» Prompt
Although pictures appear in the data, the answer should contain only the lines from its start through the line with "Esplora la nostra", written out exactly.

⟨

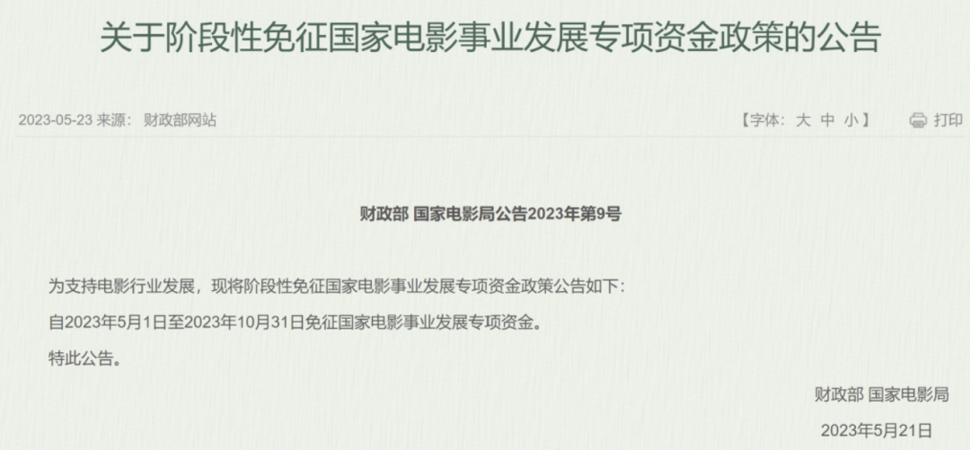 此前2023年5月到10月这两个暑期档和国庆档的电影,国家就减免了电影专项资金的征收。
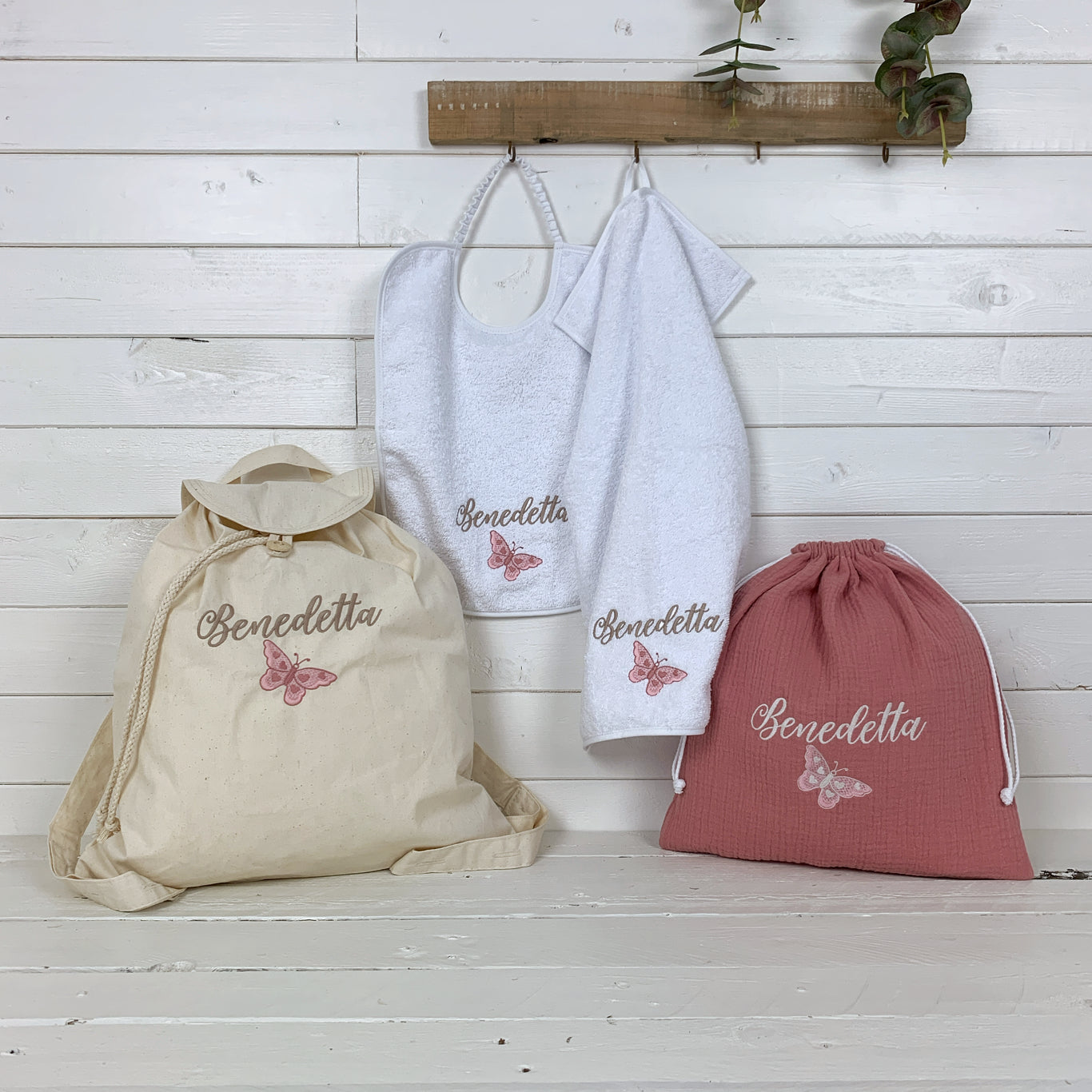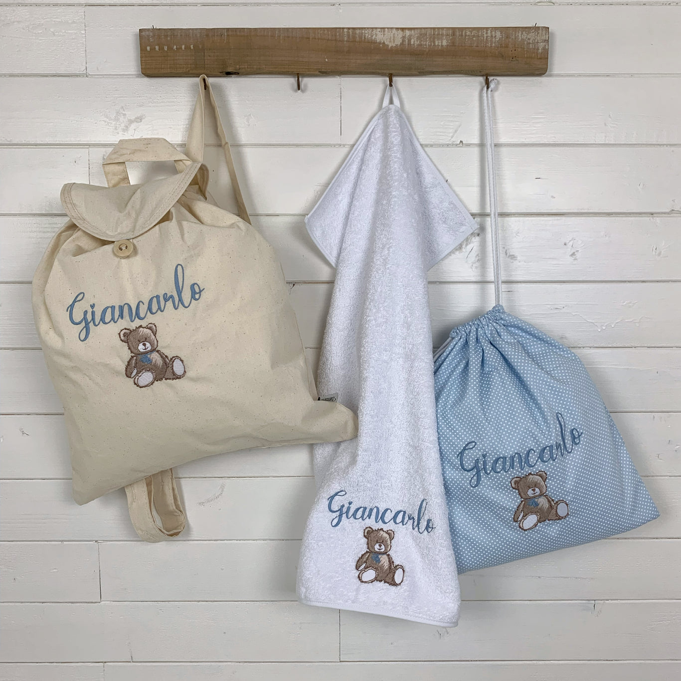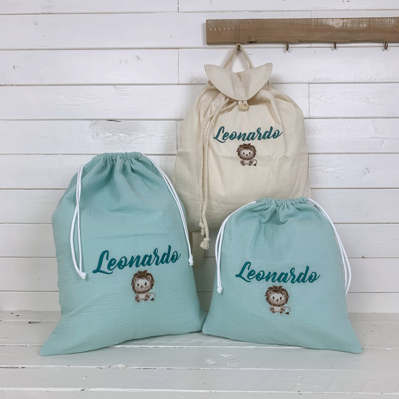 Esplora la nostra collezione di set asilo, progettati con amore e attenzione ai dettagli. Dagli zaini e le sacche, ai bavaglini, asciugamani e tanto altro, ogni elemento è personalizzabile con ricami che riflettono la personalità e gli interessi del tuo bambino, dai nomi e iniziali ai disegni tematici, garantiamo che ogni pezzo sia unico e significativo. Scegli tra una varietà di stili, colori e motivi per creare un kit per la scuola dell’infanzia che si adatti perfettamente al mondo unico del tuo piccolo.
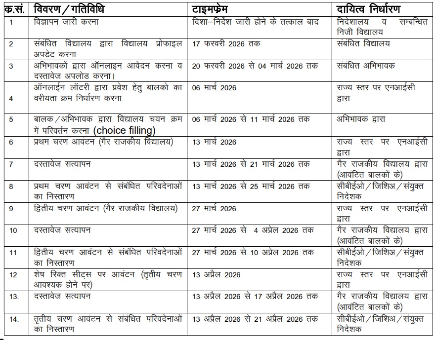 राज्य सरकार की ओर से आरटीई के तहत एडमिशन प्रक्रिया कुल 3 चरणों में पूर्ण की जाएगी। पहले चरण की एडमिशन प्रक्रिया संपन्न होने के बाद दूसरे चरण की प्रक्रिया 27 मार्च से 10 अप्रैल 2026 तक एवं अंत में रिक्त सीटों के लिए एडमिशन प्रक्रिया 13 अप्रैल से 21 अप्रैल 2026 तक पूरी की जाएगी।
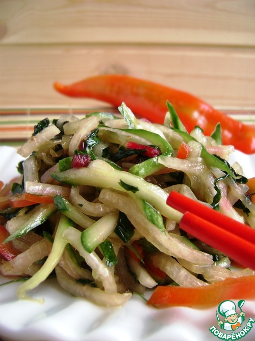 Интересный салат. Острый, сочный и витаминный. Готовится быстро, получается вкусно.
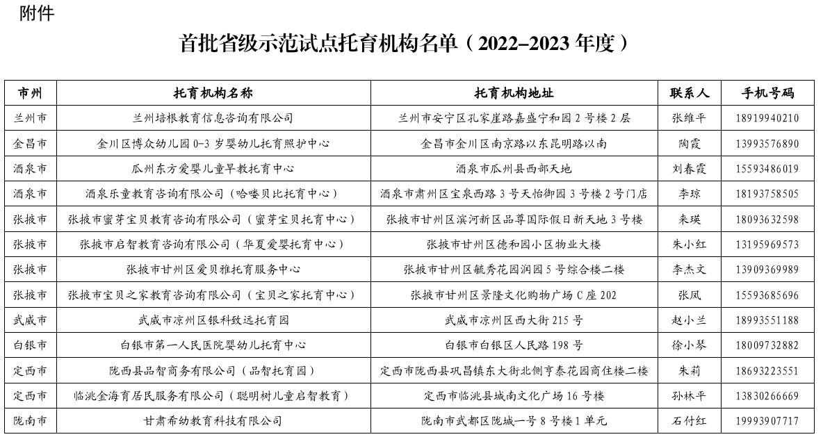 為深入貫徹落實國家和省上關(guān)于促進托育服務(wù)健康發(fā)展的決策部署,充分發(fā)揮示范性托育機構(gòu)的輻射帶動作用,推動全省3歲以下嬰幼兒照護服務(wù)工作專業(yè)化、規(guī)范化發(fā)展,根據(jù)《關(guān)于創(chuàng)建省級示范試點托育機構(gòu)的通知》(甘衛(wèi)家庭函〔2021〕210?號)要求,經(jīng)托育機構(gòu)自評申報、市縣主管部門逐級審核推薦、委托第三方現(xiàn)場審核、省衛(wèi)生健康委審定并公示,決定命名蘭州培根教育信息咨詢有限公司等13所托育機構(gòu)為甘肅省首批省級示范試點托育機構(gòu)并授牌,示范周期為2022-2023年度。
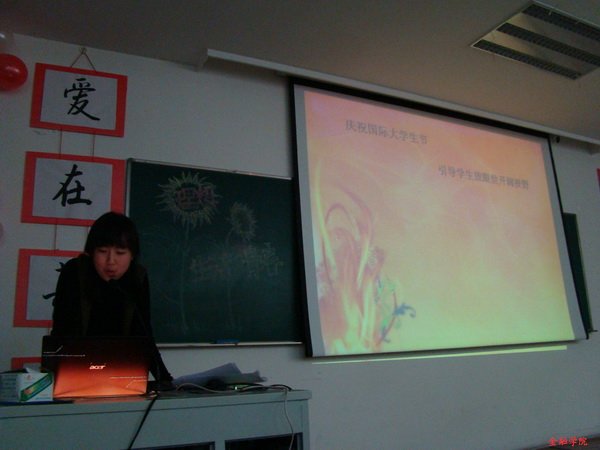 在此次团日活动中,金2班以“国际大学生节”为主题,开展了为期近半个月的系列活动,旨在庆祝第64个国际大学生节,同时也为引导学生放眼世界、开阔视野,为丰富校园文化生活,缓解辛苦学习带来的紧张疲劳,为同学们搭建了一个充满想象的舞台,让你、我、他在我们大学生自己的节日里尽情地绽放风采,一展新一代大学生的魅力与风采。
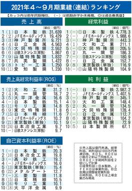 主要鉄鋼50社の業績ランキング/ROS、大和工業が首位/ROEは日本製鉄、7割弱が経常増益/4~9月期/需要回復、価格上昇
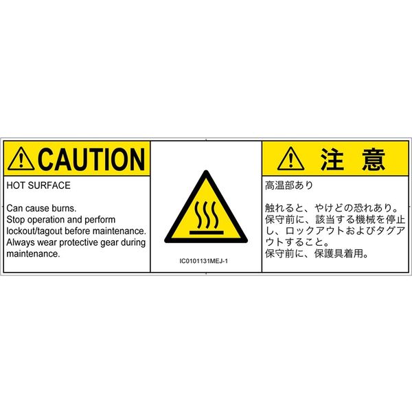 | 商品の特徴 | ●高温部あり●触れると、やけどの恐れあり。●保守前に、該当する機械を停止し、ロックアウトおよびタグアウトすること。●保守前に、保護具着用。●HOT SURFACE●Can cause burns.●Stop operation and perform lockout/tagout before maintenance.●Always wear protective gear during maintenance. | ||
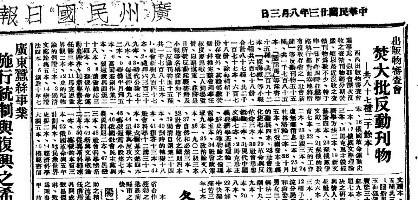 在那些年,开展抗日救亡宣传工作往往会遇到被打压乃至更危险的境遇。图为广州民国日报刊登“焚大批反动刊物”的报道。(来源:血染青春放光华——纪念广州“文总”六烈士牺牲90周年展览)
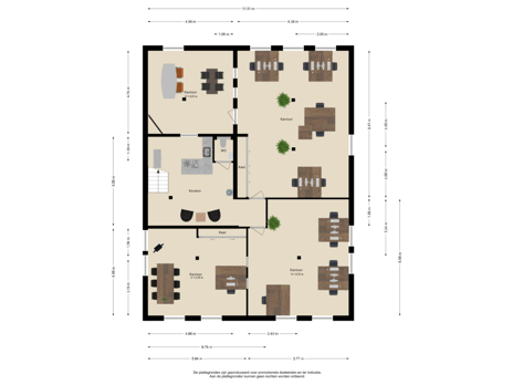De entree leidt naar een vestibule en vervolgens naar een centrale hal die toegang biedt tot alle hoofdvertrekken. De ruime L-vormige woonkamer aan de linkerzijde is licht en comfortabel, met openslaande deuren naar een vlonderterras. Deze ruimte is momenteel in gebruik als ontvangst- en presentatieruimte. Rechts bevindt zich de keuken met uitzicht op de voortuin. De inrichting en apparatuur zijn functioneel, maar gedateerd. Via de hal zijn tevens een slaapkamer, een moderne toiletruimte en een badkamer met inloopdouche, wastafelmeubel en aansluiting voor wasapparatuur bereikbaar.
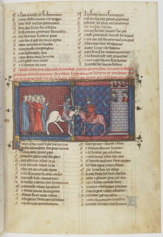 1. Rubrique : « Ci devise comment gauvain se combat contre giromelant devant le chastel perilleus enmi la praierie. et y estoit le roy arthus et la royne et une grant quantite de s agent avec lui. Et de l'autre partie une grant partie de la gent giromelant ».
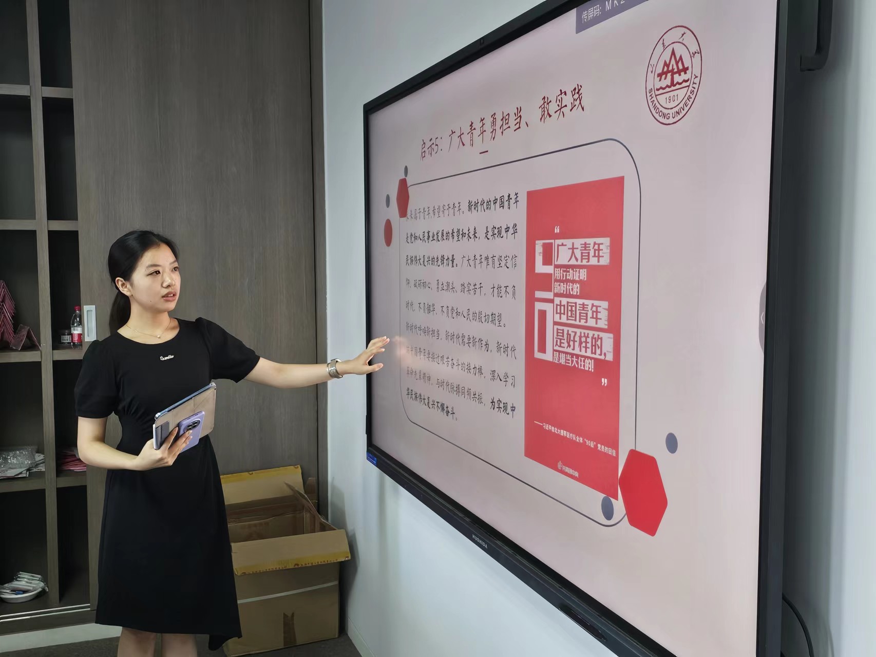 随后,黄一回顾齐鲁大地上的故事和精神,从五个维度总结提炼出新时代奋斗者的“五个启示”:第一,要坚定不移跟党走,以总书记重要指示举旗定向,沿着总书记指引的道路奋勇前行;第二,无论是战略部署单位还是基层落实工作者,都必须保护和运用好红色文化资源,以其为重要载体,加强爱国主义教育;第三,应注重学思践悟,在理论学习和实践感悟中传承红色历史,赓续红色精神;第四,应注重党史教育的广泛面向,并抓好党史学习教育的常态化长效化,坚定信仰信念,增强社会凝聚力和民族认同感;第五,青年作为社会发展中“特殊”的存在,是党和人民事业发展的希望和未来,要注重以知识教育和精神教育相结合的方式,培养符合时代发展需要、助力党和国家进步的新时代人才,为社会注入发展活力。
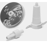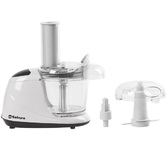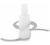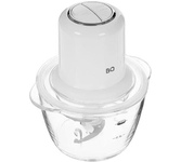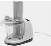 Чоппер с 2 доп. насадками. 400 Вт, 0,35 л, пластиковая чаша, 2 лезвия из нержавеющей стали, насадка для взбивания яиц и насадка для нарезки овощей, одна скорость, цвет белый.
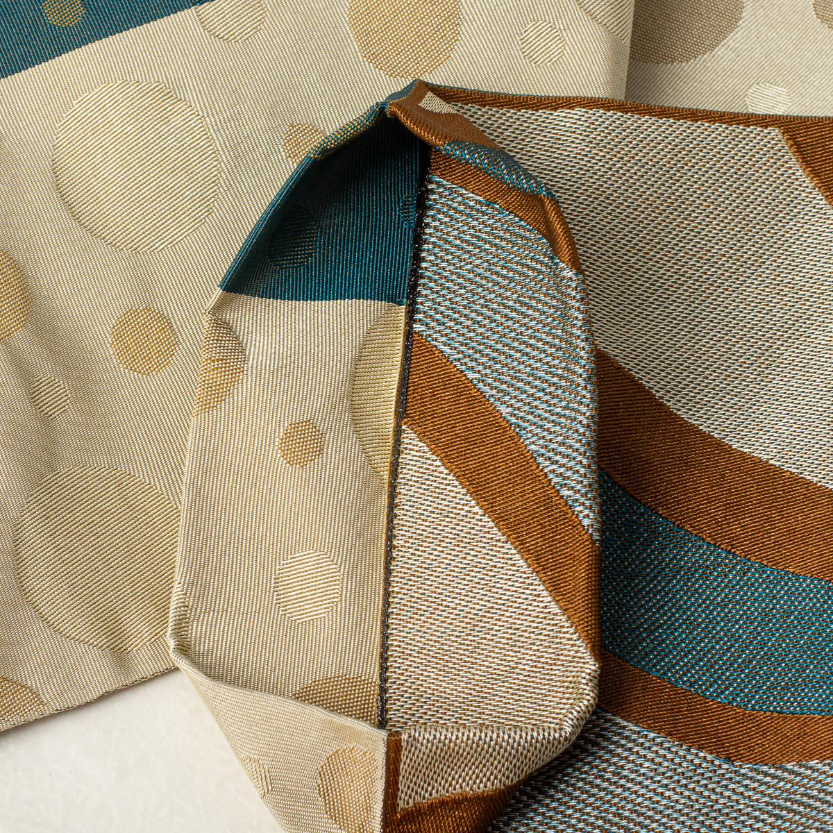 程よくハリ感のあるしなやかな織りで締めやすい袷仕立て(小袋帯 端処理済)

⟩

» Solution for this exercise
 此前2023年5月到10月这两个暑期档和国庆档的电影,国家就减免了电影专项资金的征收。
 Esplora la nostra collezione di set asilo, progettati con amore e attenzione ai dettagli. Dagli zaini e le sacche, ai bavaglini, asciugamani e tanto altro, ogni elemento è personalizzabile con ricami che riflettono la personalità e gli interessi del tuo bambino, dai nomi e iniziali ai disegni tematici, garantiamo che ogni pezzo sia unico e significativo. Scegli tra una varietà di stili, colori e motivi per creare un kit per la scuola dell’infanzia che si adatti perfettamente al mondo unico del tuo piccolo.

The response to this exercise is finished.